[Start of Attachment]
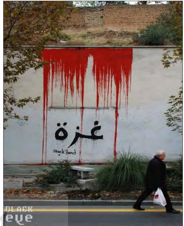
تصویر ۸- اثر بلک هند

هویت هنرمندان فعالین گرافیتی در ایران گاه در تقابل با دنیای هنر رسمی تصویر می‌شود. به عبارتی، به چالش گرفتن انحصارگرایی حاکم بر گالری‌ها و بی‌اعتبار شمردن عالم رسمی هنر نیز از اهداف این هنرمندان است. بدین‌سان، هنرمندان خیابانی همچون بلک‌هند می‌کوشند طلب هنرمندان خود را از حرفه هنرمندان
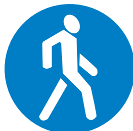
4.5.1. «Пешеходная дорожка»
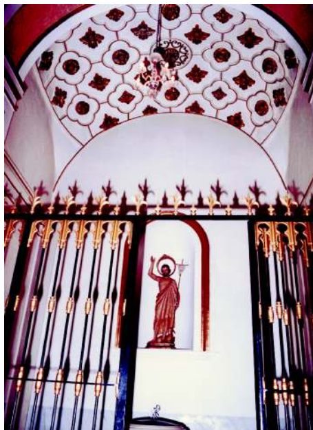
Capilla de San Juan Bautista, o del Baptisterio, con bóveda barroca.

La construcción de la Iglesia, como la mayor parte de las de la zona, abarcó un largo período de tiempo, en mayor medida debido a problemas económicos, a los que se han de sumar los ocasionados por el tipo de terreno en el que se sustentaban los cimientos, circunstancia que fue provocando sucesivos estados de ruina en el edificio.
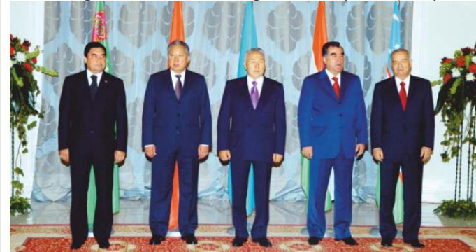
Summit of the Heads of the Founding States of IFAS (2009)
[End of Attachment]
→ Goal of the exercise: When a line in the material above contains the word "تصویر", copy that line out.

→ Response area:
تصویر ۸- اثر بلک هند
هویت هنرمندان فعالین گرافیتی در ایران گاه در تقابل با دنیای هنر رسمی تصویر می‌شود. به عبارتی، به چالش گرفتن انحصارگرایی حاکم بر گالری‌ها و بی‌اعتبار شمردن عالم رسمی هنر نیز از اهداف این هنرمندان است. بدین‌سان، هنرمندان خیابانی همچون بلک‌هند می‌کوشند طلب هنرمندان خود را از حرفه هنرمندان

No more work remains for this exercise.